Published Mar 21, 2003
The other day, I was having a conversation with a friend of mine who graduated last year about school. Well, during the course of the conversation, I mentioned that I forgot to aspirate when flushing with NS before giving an IV push, and the instructor didn't call me on it, although I did aspirate with all the other flushes. My friend told me that you don't aspirate when flushing with pushes. Now, I know that this is probably a preference thing, but this year I was taught to aspirate with a flush to check the patency of the line. I have also seen other nurses do this, so I know that this practice is out there in existance. I am just curious as to how many other students or nurses have heard of this practice.:)
I was taught that way too!
ShandyLynnRN, BSN, RN
I don't recall being taught to aspirate.

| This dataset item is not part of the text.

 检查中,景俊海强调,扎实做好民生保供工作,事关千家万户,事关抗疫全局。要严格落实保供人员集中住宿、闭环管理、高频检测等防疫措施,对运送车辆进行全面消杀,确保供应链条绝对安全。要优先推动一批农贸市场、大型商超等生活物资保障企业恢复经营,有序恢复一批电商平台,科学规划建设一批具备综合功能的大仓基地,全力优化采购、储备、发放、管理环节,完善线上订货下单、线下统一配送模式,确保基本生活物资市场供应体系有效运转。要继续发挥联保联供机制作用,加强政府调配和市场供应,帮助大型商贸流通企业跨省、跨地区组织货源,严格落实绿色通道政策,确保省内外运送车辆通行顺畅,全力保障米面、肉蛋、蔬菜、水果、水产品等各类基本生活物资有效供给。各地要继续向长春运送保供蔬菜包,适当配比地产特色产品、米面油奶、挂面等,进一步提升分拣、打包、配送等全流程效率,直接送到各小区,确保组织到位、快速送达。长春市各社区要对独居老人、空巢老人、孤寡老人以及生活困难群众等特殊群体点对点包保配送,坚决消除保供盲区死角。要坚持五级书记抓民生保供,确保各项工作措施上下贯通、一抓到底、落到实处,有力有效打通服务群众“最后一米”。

I just flush with NS first to make sure it doesn't hurt or infiltrate. Sometimes you can have a good INT/Hep lock that will flush and pass IV meds just fine, without a blood return.
I wasn't taught to aspirate either on saline flushes because you are just checking the patency of the line. Interesting though? Why would you aspirate?

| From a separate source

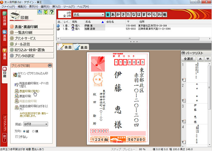 | 宛名面を印刷するには、次のように操作します。 ※ここでは、Canon製のプリンタ「PIXUS iP4830」を例に解説します。なお、ドライバのインストールなどの準備はすでに終了し、プリンタが利用できる状態にあることとします。 |
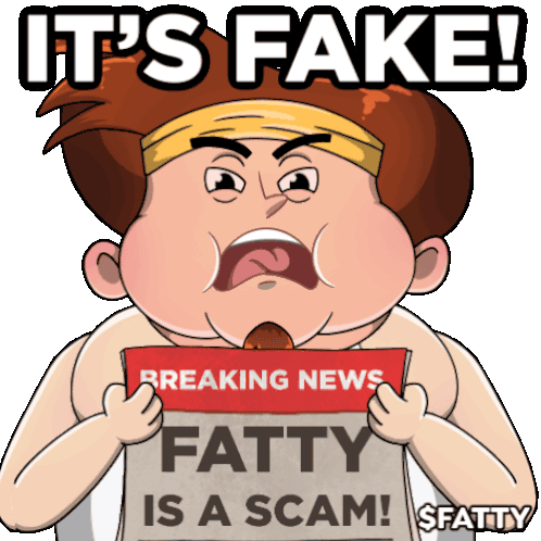 Fatty Fatbot, an angry cartoon character, yells 'Fatty is a scam' while holding a breaking news sign, expressing rage in a crypto-themed sticker.

I can see where aspirating would also check for patency. But like I said before, flushing with NS is how I do it because sometimes it WILL flush even without blood return, yet still be a good site.
I was never taught to aspirate prior to flushing either. I will do so on occasion, if the site looks questionable.

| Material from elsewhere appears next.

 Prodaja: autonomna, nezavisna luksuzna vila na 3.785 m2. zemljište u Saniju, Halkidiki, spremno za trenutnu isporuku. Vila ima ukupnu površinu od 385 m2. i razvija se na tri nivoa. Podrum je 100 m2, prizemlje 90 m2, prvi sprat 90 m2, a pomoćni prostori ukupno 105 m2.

I also have seen many sites that are patent but give no blood return.
USA987, MSN, RN, NP
We weren't taught to aspirate either...the only place I've seen it done is in the outpatient chemo center when they are pushing vesicants. Even then, the chemo nurse told me to only aspirate every so often because it puts too much stress on the veins....
Have a great weekend
FYI...out of curiosity, I just looked in my I.V. Therapy book...and when it listed the step-by-step instructions for IV Pushes it doesn't specify to aspirate either....
There are so many different schools of thought out there that it makes me crazy sometimes!!!!
I was never taught to aspirate either. Like others have said, you can have a great site but get no blood return. So it's really not a good indicator of a patent site. It seems like an extra step that you don't need to do. If I have trouble pushing the saline in then I try to aspirate but not routinely.
I have seen some nurses aspirate before a flush. Our school doesn't require us to do it.
Interesting replies, guys. Thanks. I believe that we were told to check the patency to make sure the cannula is still in the vein (however, I learned this waaaayyyy back in September, so I could be wrong). However, what you guys are saying about the good sites not necessarily having blood return makes sense, as well. Thanks once again.
When this question came up, our instructor told us not to aspirate. The reasoning behind it was that, because it is a "closed system", aspirating could compromise the vein. The only time you would aspirate is when you have difficulty flushing and then you very gently aspirate just enough to see if the line is patent.